◆ TASK DIRECTIONS:
An exact transcription of all the records is required, minus the images.

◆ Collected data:
..........

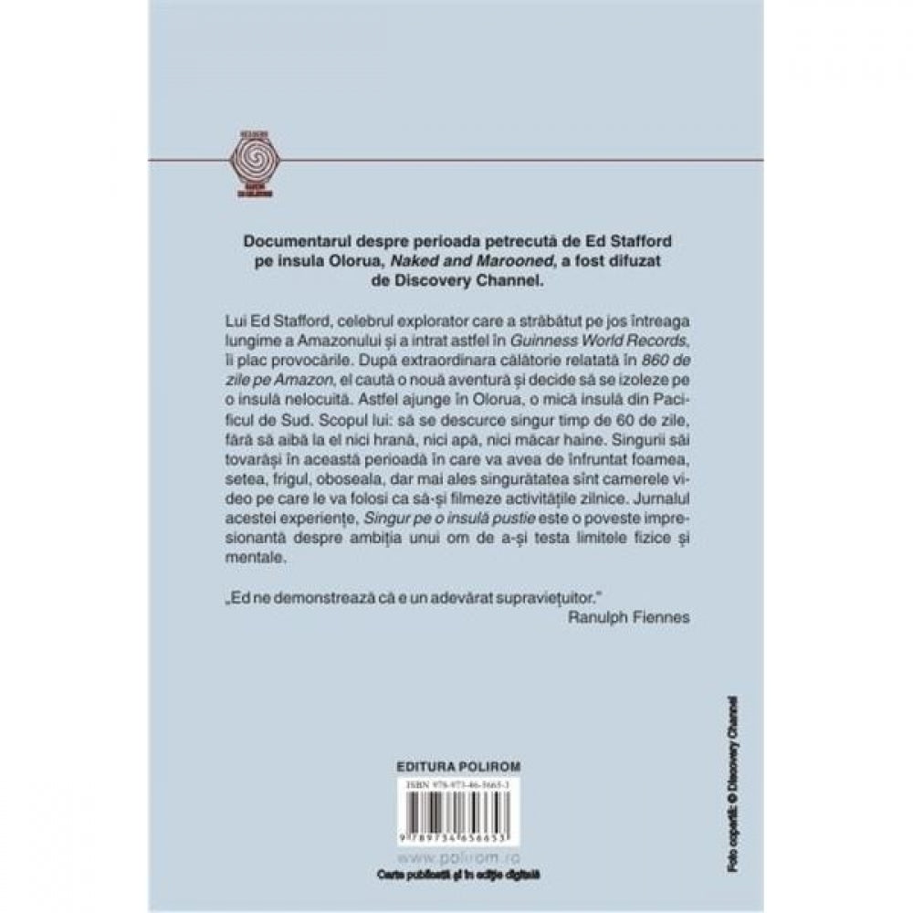 Lui Ed Stafford, celebrul explorator care a strabatut pe jos intreaga lungime a Amazonului si a intrat astfel in Guinness World Records, ii plac provocarile. Dupa extraordinara calatorie relatata in 860 de zile pe Amazon, el cauta o noua aventura si decide sa se izoleze pe o insula nelocuita. Astfel ajunge in Olorua, o mica insula din Pacificul de Sud. Scopul lui: sa se descurce singur timp de 60 de zile, fara sa aiba la el nici hrana, nici apa, nici macar haine. Singurii sai tovarasi in aceasta perioada in care va avea de infruntat foamea, setea, frigul, oboseala, dar mai ales singuratatea sint camerele video pe care le va folosi ca sa-si filmeze activitatile zilnice. Jurnalul acestei experiente, Singur pe o insula pustie este o poveste impresionanta despre ambitia unui om de a-si testa limitele fizice si mentale.
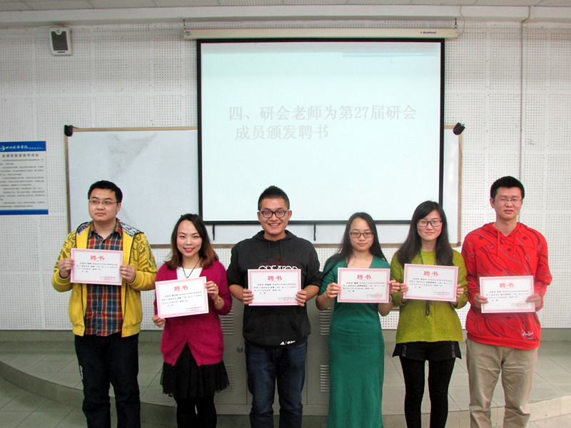 随后,第27届研究生会主席团代表依次发言,他们各自总结了一年多来的收获,表达了对研究生会及各位老师感谢之情,也对新一届研究生会成员的工作提出了希望。发言结束后,吴丹老师为27届研究生会成员颁发了聘书。
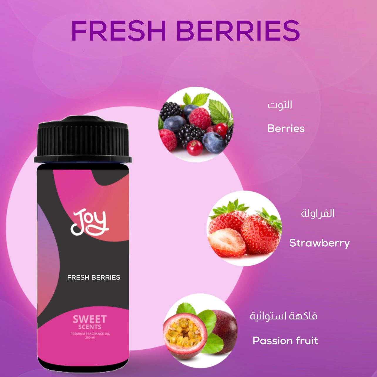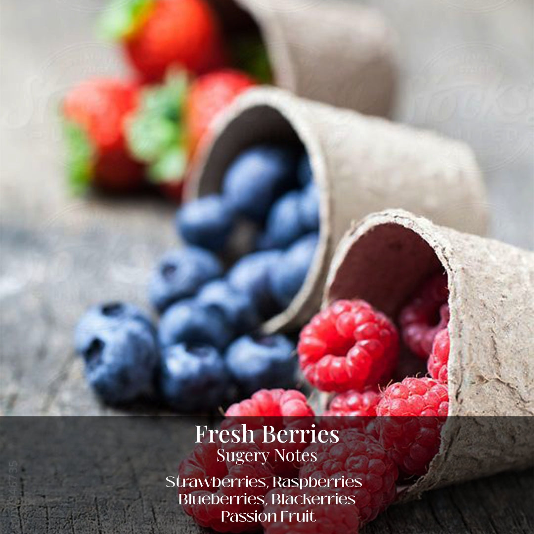 Fresh Berries is a sugary scent bursting with strawberries, raspberries, blueberries, blackberries, and passion fruits, exuding a lasting freshness reminiscent of a sun-kissed berry patch.
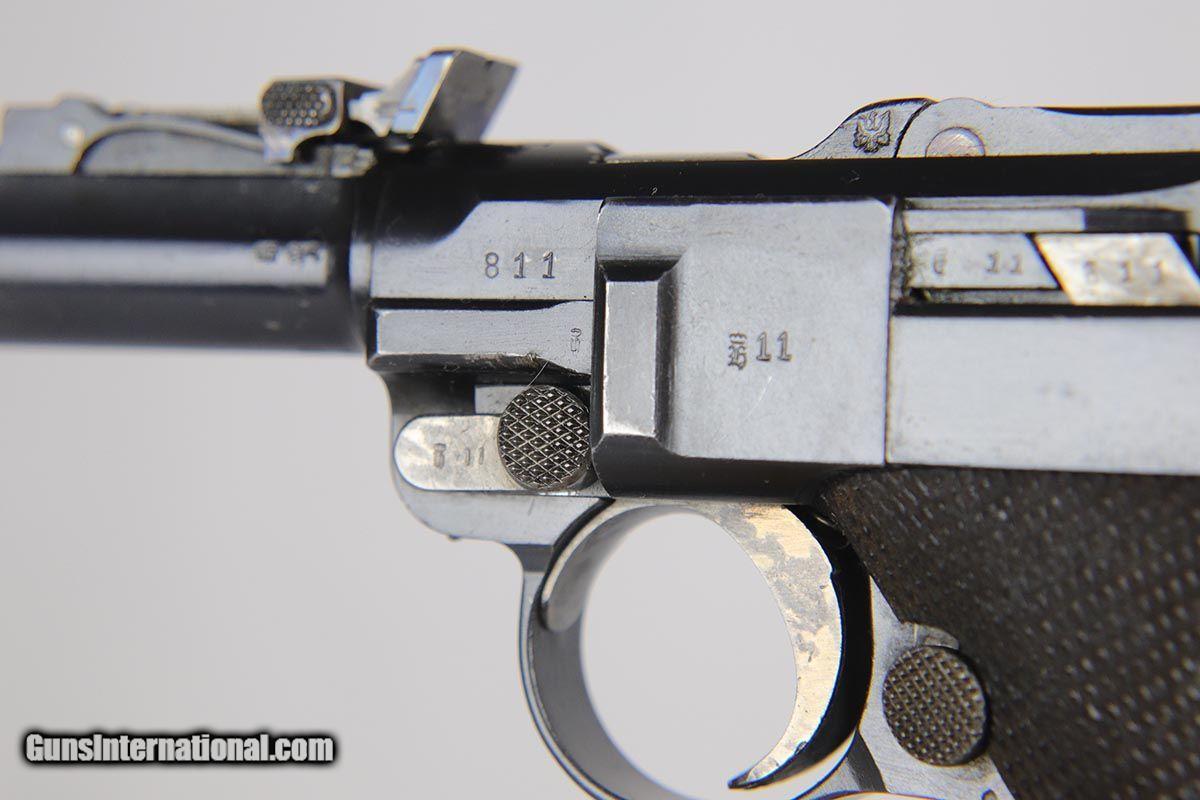 Description: This is one of the earliest recorded Erfurt Artillery Luger rigs, made in 1914, with a 3-digit serial number. It is the 811th Artillery Luger made! It is in an absolutely beautiful original condition, retaining close to 98% of the bluing. It is all matching except for the magazine, and has excellent grips and bore. It has just a hint of edge wear and a small area of old pitting/patina on the stock lug, and a few freckles on the right receiver ear - both detract very little from its overall appearance. The gun is profusely proofed with German Imperial proofmarks and has a high quality rust-blue finish that you can find only on the earliest of Erfurt made guns. With only 20,000 Erfurt artilleries made in the beginning of WWI, it is the second rarest variation, following the 1914 dated DWM production. Many perished in the Great War, and to find such pristine example is next to impossible. The pistol comes as part of a rig, with correct holster, stock and cleaning rod that are numbered to a different gun. The holster is maker marked and in very good condition, as is the stock, which is properly Imperial proofed. SOLD Curio/Relic: Yes Manufacturer: Erfurt Model: P.08 Artillery Serial Number: 811 Caliber Info: 9mm Bore: 9/10 Condition: 98%+ Manufacture Date: 1914 |
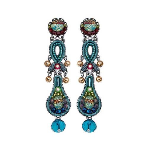 Orecchini Ayala Bar Classic, i gioielli sono limitati in quantità. Tutto il catalogo di gioielli AyalaBar Personalmente disegnato dall’artista, ogni collezione di gioielli trasmette una firma unica. L’impronta della creatività che attinge a ricchezze semplici per trasformarle in oggetti di accattivante bellezza. E’ composto da metalli non preziosi abbinati a perle di vetro, pietre minerali e strass di cristallo.
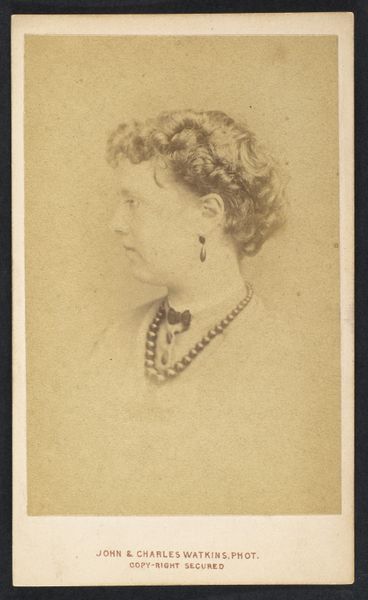 Editor: We are looking at an undated photograph entitled “[Adelaide Claxton]” from the 1860s by John and Charles Watkins. It’s a gelatin-silver print. I find the almost monochrome tonality gives the portrait a quiet, contemplative mood. What do you see when you look at this photograph? Curator: The interplay of light and shadow immediately captures my attention. Observe how the subtle gradations in tone delineate the subject's profile, emphasizing the line of the nose and the curve of the neck. The necklace with its prominent cross creates a strong visual anchor. Note its materiality. The textures captured reveal both the weight and smoothness of the beads and the fabric it hangs from. Does the shape of this piece strike you? Editor: Yes, the circular beads contrasting with the linear cross is interesting. It creates a visual push and pull, a sense of dynamic tension within a very still image. But what about the negative space surrounding the figure? It seems almost as important as the subject herself. Curator: Precisely. The generous amount of empty space directs our gaze towards the essential elements, framing them and allowing for a deeper engagement with the subject's features. The focus remains on the profile presented. The arrangement of dark and light across the face provides a sophisticated use of contrast to shape how we engage with the image, wouldn't you agree? Editor: I think so. Initially, I saw a simple portrait, but focusing on the composition, it’s clear there is a sophisticated arrangement of lines and shapes at work. Thank you for illuminating those for me! Curator: My pleasure. Close visual analysis often unveils a more profound understanding and greater appreciation for an image's complex construction.
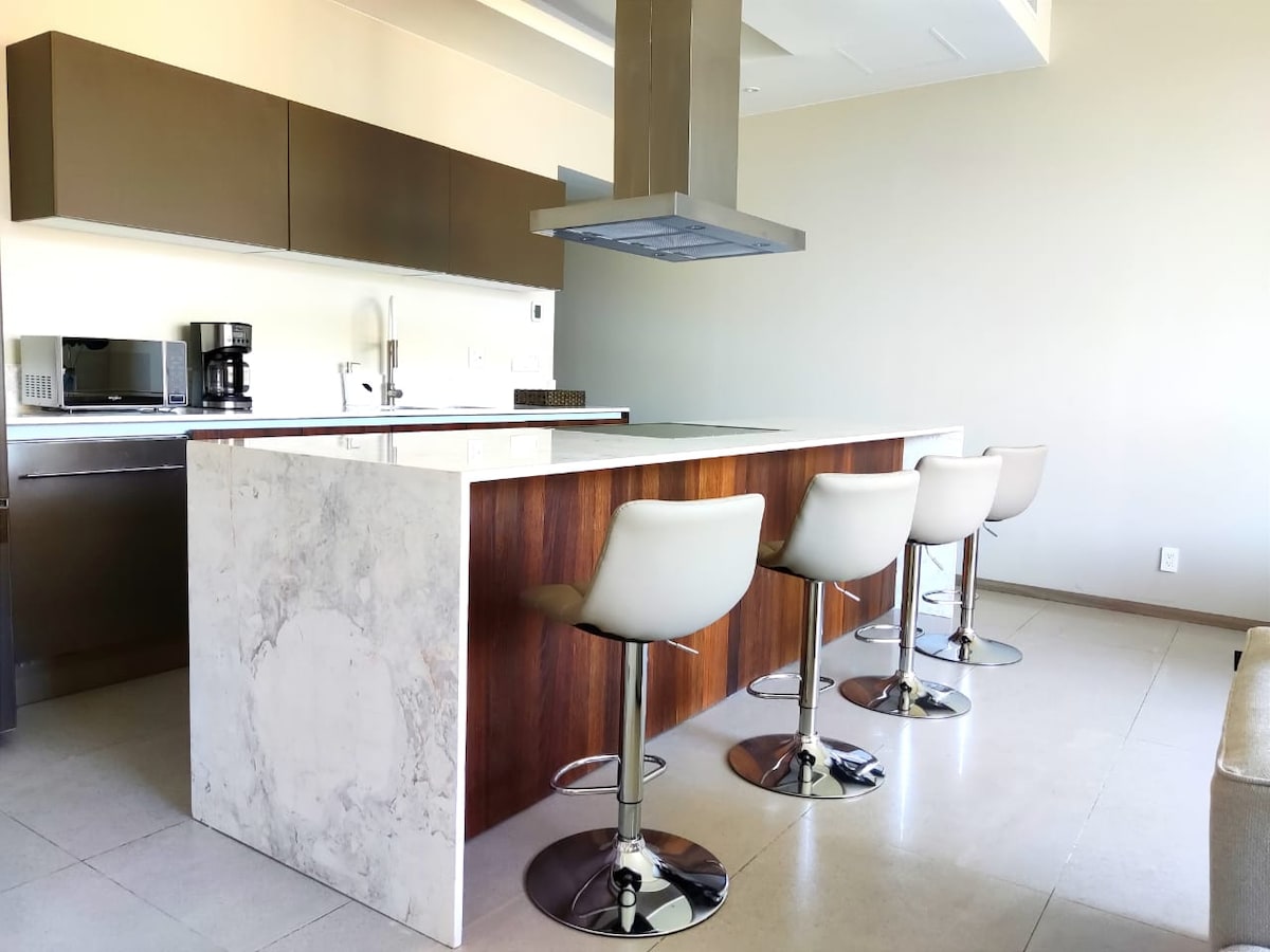 Apartemen 55 m2 yang luar biasa, lengkap (Pemanggang listrik, Oven, Mikro, pembuat kopi, blender, pemanggang roti, mesin cuci piring) dan AC sentral. Ideal dan super nyaman untuk 4 orang di Maritima Golf, lokasi luar biasa di Fracc. Flamingo, dengan pemandangan laut dan lapangan golf yang spektakuler. TIDAK RAMAH HEWAN PELIHARAAN 🚫 Kami memiliki akses pantai pribadi dengan kamar mandi, pancuran. 2 Albercas di PB dan Roof Top dengan pemandangan teluk dan lapangan golf yang spektakuler. Gym yang sangat lengkap.

..........

◆ RESULT:
 Lui Ed Stafford, celebrul explorator care a strabatut pe jos intreaga lungime a Amazonului si a intrat astfel in Guinness World Records, ii plac provocarile. Dupa extraordinara calatorie relatata in 860 de zile pe Amazon, el cauta o noua aventura si decide sa se izoleze pe o insula nelocuita. Astfel ajunge in Olorua, o mica insula din Pacificul de Sud. Scopul lui: sa se descurce singur timp de 60 de zile, fara sa aiba la el nici hrana, nici apa, nici macar haine. Singurii sai tovarasi in aceasta perioada in care va avea de infruntat foamea, setea, frigul, oboseala, dar mai ales singuratatea sint camerele video pe care le va folosi ca sa-si filmeze activitatile zilnice. Jurnalul acestei experiente, Singur pe o insula pustie este o poveste impresionanta despre ambitia unui om de a-si testa limitele fizice si mentale.
 随后,第27届研究生会主席团代表依次发言,他们各自总结了一年多来的收获,表达了对研究生会及各位老师感谢之情,也对新一届研究生会成员的工作提出了希望。发言结束后,吴丹老师为27届研究生会成员颁发了聘书。
 Fresh Berries is a sugary scent bursting with strawberries, raspberries, blueberries, blackberries, and passion fruits, exuding a lasting freshness reminiscent of a sun-kissed berry patch.
 Description: This is one of the earliest recorded Erfurt Artillery Luger rigs, made in 1914, with a 3-digit serial number. It is the 811th Artillery Luger made! It is in an absolutely beautiful original condition, retaining close to 98% of the bluing. It is all matching except for the magazine, and has excellent grips and bore. It has just a hint of edge wear and a small area of old pitting/patina on the stock lug, and a few freckles on the right receiver ear - both detract very little from its overall appearance. The gun is profusely proofed with German Imperial proofmarks and has a high quality rust-blue finish that you can find only on the earliest of Erfurt made guns. With only 20,000 Erfurt artilleries made in the beginning of WWI, it is the second rarest variation, following the 1914 dated DWM production. Many perished in the Great War, and to find such pristine example is next to impossible. The pistol comes as part of a rig, with correct holster, stock and cleaning rod that are numbered to a different gun. The holster is maker marked and in very good condition, as is the stock, which is properly Imperial proofed. SOLD Curio/Relic: Yes Manufacturer: Erfurt Model: P.08 Artillery Serial Number: 811 Caliber Info: 9mm Bore: 9/10 Condition: 98%+ Manufacture Date: 1914 |
 Orecchini Ayala Bar Classic, i gioielli sono limitati in quantità. Tutto il catalogo di gioielli AyalaBar Personalmente disegnato dall’artista, ogni collezione di gioielli trasmette una firma unica. L’impronta della creatività che attinge a ricchezze semplici per trasformarle in oggetti di accattivante bellezza. E’ composto da metalli non preziosi abbinati a perle di vetro, pietre minerali e strass di cristallo.
 Editor: We are looking at an undated photograph entitled “[Adelaide Claxton]” from the 1860s by John and Charles Watkins. It’s a gelatin-silver print. I find the almost monochrome tonality gives the portrait a quiet, contemplative mood. What do you see when you look at this photograph? Curator: The interplay of light and shadow immediately captures my attention. Observe how the subtle gradations in tone delineate the subject's profile, emphasizing the line of the nose and the curve of the neck. The necklace with its prominent cross creates a strong visual anchor. Note its materiality. The textures captured reveal both the weight and smoothness of the beads and the fabric it hangs from. Does the shape of this piece strike you? Editor: Yes, the circular beads contrasting with the linear cross is interesting. It creates a visual push and pull, a sense of dynamic tension within a very still image. But what about the negative space surrounding the figure? It seems almost as important as the subject herself. Curator: Precisely. The generous amount of empty space directs our gaze towards the essential elements, framing them and allowing for a deeper engagement with the subject's features. The focus remains on the profile presented. The arrangement of dark and light across the face provides a sophisticated use of contrast to shape how we engage with the image, wouldn't you agree? Editor: I think so. Initially, I saw a simple portrait, but focusing on the composition, it’s clear there is a sophisticated arrangement of lines and shapes at work. Thank you for illuminating those for me! Curator: My pleasure. Close visual analysis often unveils a more profound understanding and greater appreciation for an image's complex construction.
 Apartemen 55 m2 yang luar biasa, lengkap (Pemanggang listrik, Oven, Mikro, pembuat kopi, blender, pemanggang roti, mesin cuci piring) dan AC sentral. Ideal dan super nyaman untuk 4 orang di Maritima Golf, lokasi luar biasa di Fracc. Flamingo, dengan pemandangan laut dan lapangan golf yang spektakuler. TIDAK RAMAH HEWAN PELIHARAAN 🚫 Kami memiliki akses pantai pribadi dengan kamar mandi, pancuran. 2 Albercas di PB dan Roof Top dengan pemandangan teluk dan lapangan golf yang spektakuler. Gym yang sangat lengkap.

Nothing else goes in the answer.